Hi, I started my own little t-shirt company about two months ago, and have been working out a lot of kinks since then. One thing that really bothers me is that my heat press (a bottom-of-the-line JetPress) leaves a noticable "box" on my shirts when I press with the recommended temp settings (15 sec @ 375F w/ firm pressure). It's an outline that looks a little glossier than the rest of the shirt under the right light. On some shirts, it seems to wash-out a little, with others, it remains noticable after many washes. I thought that maybe at this high temp, the polyester constituents of the portion of the shirt pressed melt. I press JetWear Dark paper onto Hanes 50/50 shirts. I've avoided this ,for the most part, by lowering the temp to about 300-340F, but I worry that this will compromise the quality of the transfer. Has anyone else had this problem? Any recommendations?

Thanks,
Anthony


----------



## jdr8271 (Jun 16, 2005)

I have never experienced what you are talking about. Maybe you should try putting a teflon sheet ontop of the shirt in the heat press. You might also consider buying 100% cotton t-shirts, if it is indeed the fabric that is melting.


----------



## Twinge (Apr 26, 2005)

I'd suggest using a hot peel paper like The Transjet II (aka Magic Jet). If you're using opaque paper for dark shirts, it WILL look a little glossy and be of only moderate quality; even the best opaque papers are not very good IMO.


----------



## Pinkoma.Com (Aug 12, 2005)

Twinge said:


> I'd suggest using a hot peel paper like The Transjet II (aka Magic Jet). If you're using opaque paper for dark shirts, it WILL look a little glossy and be of only moderate quality; even the best opaque papers are not very good IMO.

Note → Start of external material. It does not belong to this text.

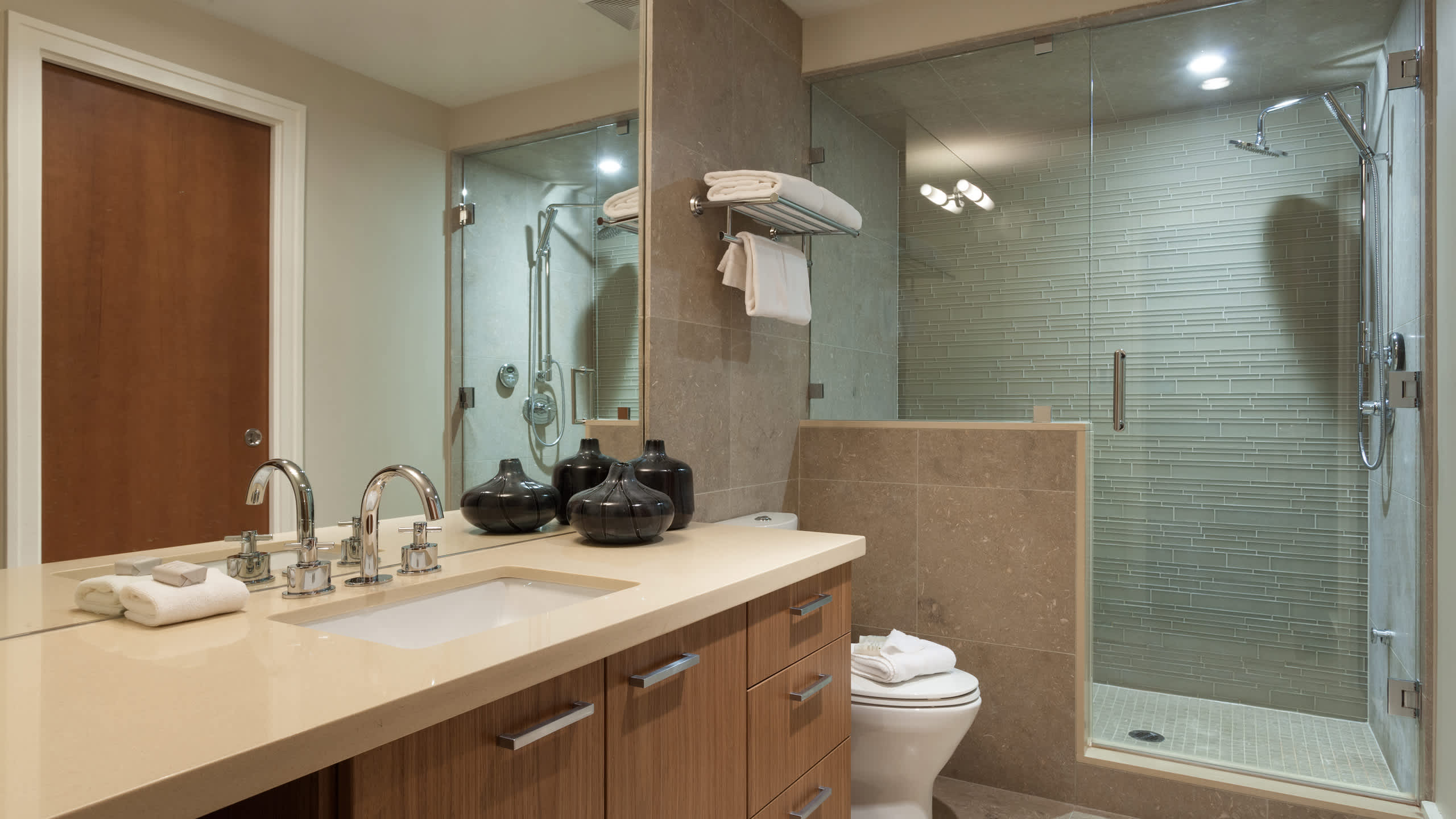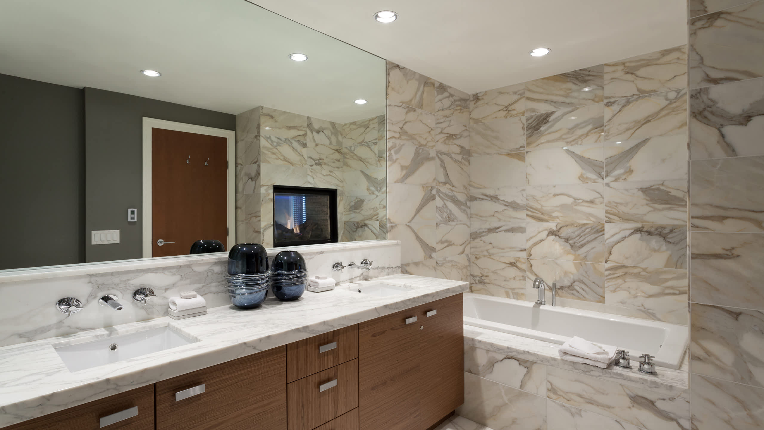 This townhouse accommodates up to 8 guests across three levels, offering 4 bedrooms and 3.5 baths designed for restful nights after full days outdoors. The upper-level primary bedroom includes a king bed, TV, and a double-sided indoor fireplace that continues into its ensuite with a deep-soaking bathtub, glass-enclosed shower, and double vanity. A second bedroom with a queen bed shares an ensuite with a third bedroom that features twin beds and a TV, together providing a deep-soaking tub and rain shower. On the lower level, a fourth bedroom includes a king-split bed, TV, desk, and an ensuite with a glass-enclosed shower. A powder room near the entrance adds additional convenience.

There's no opaque material involved in Transjet II? Also, I tried the paper from bestblanks.com, and I hated it. It had a very heavy 'hand'. The image seemed to be 1/16in. off the shirt. It was ugly. How is the hand on the Transjet?

Thanks


----------



## jdr8271 (Jun 16, 2005)

Transjet paper is rough when you put it on, but after you wash the shirt, it goes away, and looks and feels almost like sceen printing. The imprint does not come off the shirt at all, as you are describing. Transjet does not make opaque transfers. I have never used opaque transfers, but have only heard bad things about them.


----------



## triplebtees (Jun 3, 2005)

I am still having a similar problem, but like they said it mostly washes out after the first wash. I've learned to live with it, and it seems i was the only one noticing, everyone i showed it to said it was fine, and that they didn't see anything. I guess it is us just trying to be perfect.


----------



## TJLewis (Jul 26, 2005)

I had same problem printing sublimation tee's here in the UK. The noticable box was caused by the surface of the 50/50 shirt melting slightly thus giving a shiny look. After many months experimenting with different papers, covering the surface, lowering temps/pressure and so on I have given up completely. I only press onto 100% cotton now and no longer sublimate clothing.


----------



## lonelyworld (Oct 6, 2009)

I think I know what youre talking about, Im kind of new to this..
but i seen a youtube video where they cut out the design on paper then heat pressed it. 

Otherwise.. your heatpress may be too hot and could be melting the fibres in the shirt causing the square.


----------



## maddog (Jun 15, 2009)

teflon deflects/rejects 30% of the heat


----------